Ruth Aguilar

Personal information
- Full name: Ruth Aguilar Fulgencio
- Nationality: Spanish
- Born: 3 February 1975 (age 50) Torrent, Valencia
- Website: RuthAguilar.es

Sport
- Country: Spain
- Sport: Athletics

= Ruth Aguilar =

Spanish Paralympic athletics competitor

Ruth Aguilar Fulgencio (born 3 February 1975) is a Spanish Paralympic athletics competitor who has represented Spain at the 2012 Summer Paralympics. She played for Spain's national u-17 handball team before suffering a fractured spine in a car accident.

== Personal ==
Aguilar was born on 3 February 1975 in Torrent, Valencia, and attended Colegio Público Miguel Hernández. Before fracturing her spine in a car accident in December 1992, she played handball. She represented Spain internationally in handball at the under 17 level. She played club handball as a goalball for Urbana Valencia. As an athlete with a disability, sports she initially tried included swimming, wheelchair basketball and powerlifting.

Aguilar took a break from competitive sport at one point to give birth to her son. Her break from sport was extended after her father got lung cancer and she tended to him until he died from the disease. In 2013, she was getting a disability pension. In February 2013, local police in Alfafar organized a talk about driver education, and Aguilar participated in the talk as a speaker because of the impact a traffic accident had in her life. While at the event, she also signed the city's Book of Honor. In November 2013, she was given an award at the fifth edition of the Carta de Poblament awards. She won in the category of arts, letters and sports. In November 2013, she participated in a program run by the Programa ADOP Empleo to train Paralympic athletes in developing business communication and entrepreneurship skills.

== Athletics ==
Aguilar competes in athletics using a wheelchair.
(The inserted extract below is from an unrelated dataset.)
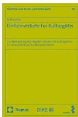
Einfuhrverbote für Kulturgüter Ladenpreis: 199,50EUR

The 2011 Spanish National Adaptive Athletics Championships were held in Valencia and Aguilar competed in them. Competing at the 2010 IPC European Championships, she finished third in the sho tput. Aguilar competed at the 2012 Summer Paralympics in athletics. In 2013, she was working on qualifying for the 2016 Summer Paralympics in the javelin, discus and shot put. In March 2013, she participated in a dualathlon event as part of a relay team, with Jesus Cordero Ballesteros her teammate.